The end result was a Rosenbauer CrossFire pumper built on a Commander 4000 R611 chassis that is powered by a 450-horsepower Cummins ISL 9 diesel engine and an Allison 3000 EVS automatic transmission. It has a Rosenbauer N1500 direct-drive 1,500-gallon-per-minute (gpm) power takeoff (PTO) pump, a 750-gallon UPF water tank, a 30-gallon integral foam cell, and an FRC Turbo Foam system. The vehicle’s wheelbase is 190 inches, its overall height is 10 feet 2 inches, and its overall length is 31 feet 11 inches.
|3 The Roseville pumper has hydraulic extrication tools in the R4 compartment on the officer’s side, contained in drawer storage instead of slide-out trays.|
Harris says that the pumper’s cab is set up for five firefighters, with three forward-facing seats in the back, a mid-cab personal protective equipment (PPE) cabinet for the driver and officer with access from inside and outside the cab, and interior shelving in the back with access from each side of the cab’s interior.
On the officer’s side above the midship pump is a Little Giant ladder storage compartment, he adds. There are drawer storage areas in the L4 and R4 compartments, with the R4 drawers holding hydraulic rescue tools and equipment instead of being on slide-out trays.
|4 The hosebed on the Rosenbauer-built pumper for the Roseville Fire Department holds 500 feet of five-inch LDH, 600 feet of 2½-inch hose connected to a 100-foot apartment bundle of 1¾-inch hose, and 200 feet of 2½-inch hose preconnected to a fog nozzle.|
Harris points out that an unusual feature of the pumper is a severe duty front bumper with full-width storage area that has a preconnect on the officer’s side for 100 feet of 1¾-inch hose, with the rest of the area set up to store miscellaneous tools like irons, shovels, and other hand tools.

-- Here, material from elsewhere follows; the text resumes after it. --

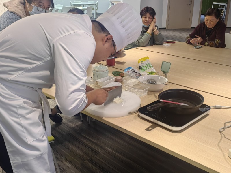 近日,青洋社区工联会举办了一场别开生面的文思豆腐制作教学活动,吸引众多职工热情参与。活动现场,专业厨师首先讲解了文思豆腐的历史文化与烹饪要点,其作为传统淮扬名菜,对刀工要求极高。在厨师的示范下,职工们目睹了一块豆腐如何被切成如发丝般纤细均匀的豆腐丝,纷纷惊叹不已。
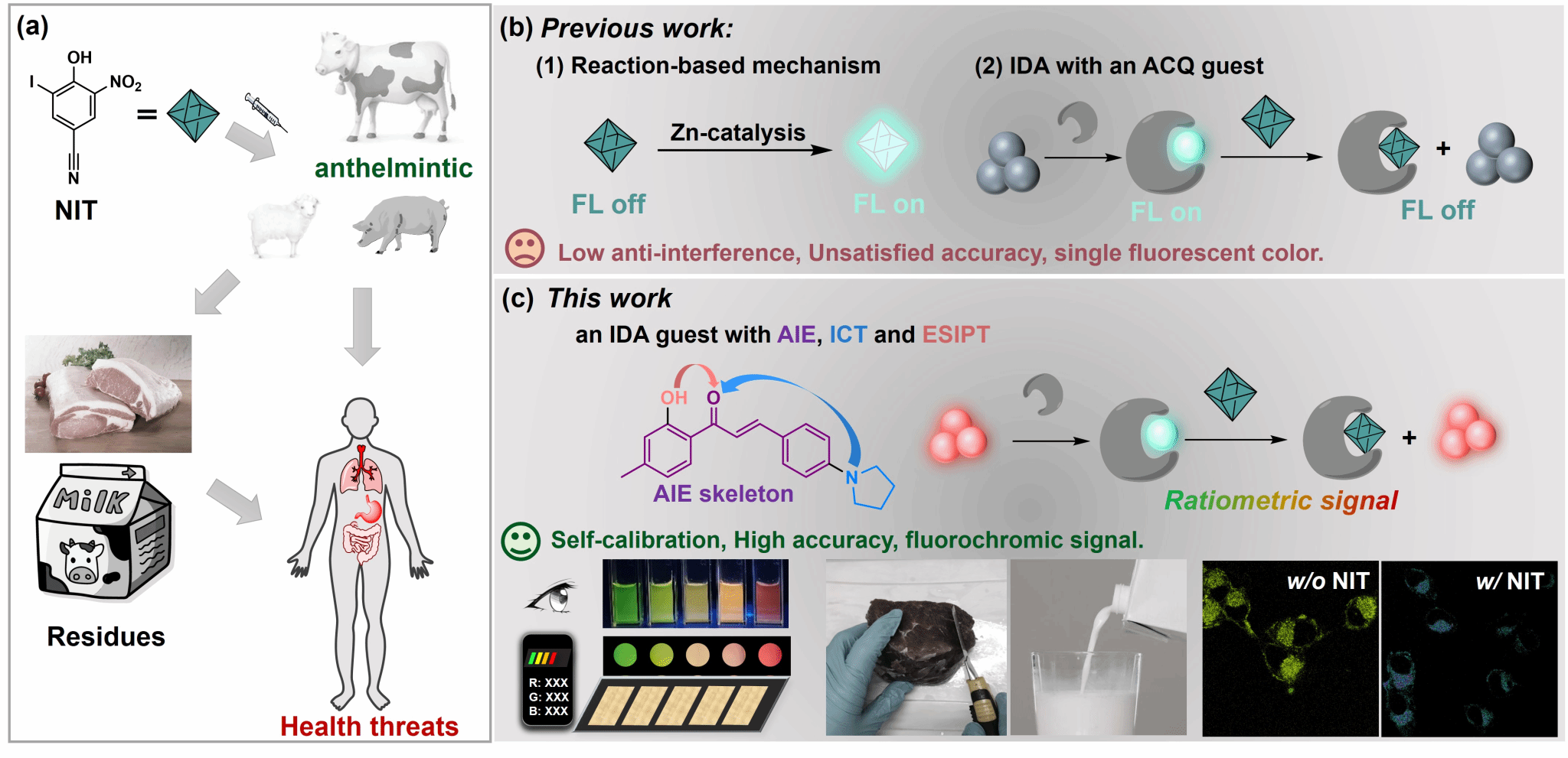 该团队基于白蛋白(ALB)与一种兼具AIE和ESIPT效应的荧光染料构建了主客体荧光探针,利用NIT的配体竞争作用可获得探针对NIT的比率荧光响应。探针的快速响应、高灵敏度使其可定量检测全脂、脱脂牛奶中的NIT含量。进一步作者制备便携式荧光试纸实现对牛奶、牛肉中的NIT含量的快速分析。利用该探针的比率响应信号还可在共聚焦显微镜的双通道模式下准确观测细胞内NIT的分布情况。

Sjostrom points out that Rosenbauer’s engineers designed a pumper for Roseville that surpassed the department’s expectations. “They were developing the CrossFire project at that time, and we thought it was a good fit for us,” Sjostrom says. “We turned the design process over to the Rosenbauer staff, told them what we needed to do with our truck and what we wanted, and they came back with a pumper that was two feet shorter than our existing pumper with a 750-gallon water tank and is able to carry a lot more equipment than our older pumper.”
|5 Rosenbauer built a hidden-from-view ladder rack into the officer’s side of the Roseville Fire Department pumper. The rack is shown here in its lowered position, which is 40 inches above ground level.|
In an effort to keep firefighters from having to get on the top of the new pumper, the Roseville Fire Department specs eliminated a deck gun on the vehicle. “We didn’t want firefighters to have to be climbing on top of the pumper,” Sjostrom says, “and we didn’t want the pumper to become an exposure in the case of a large tank fire.” Roseville Fire Department has two large tank farm storage facilities on the west side of its 14-square-mile fire protection area.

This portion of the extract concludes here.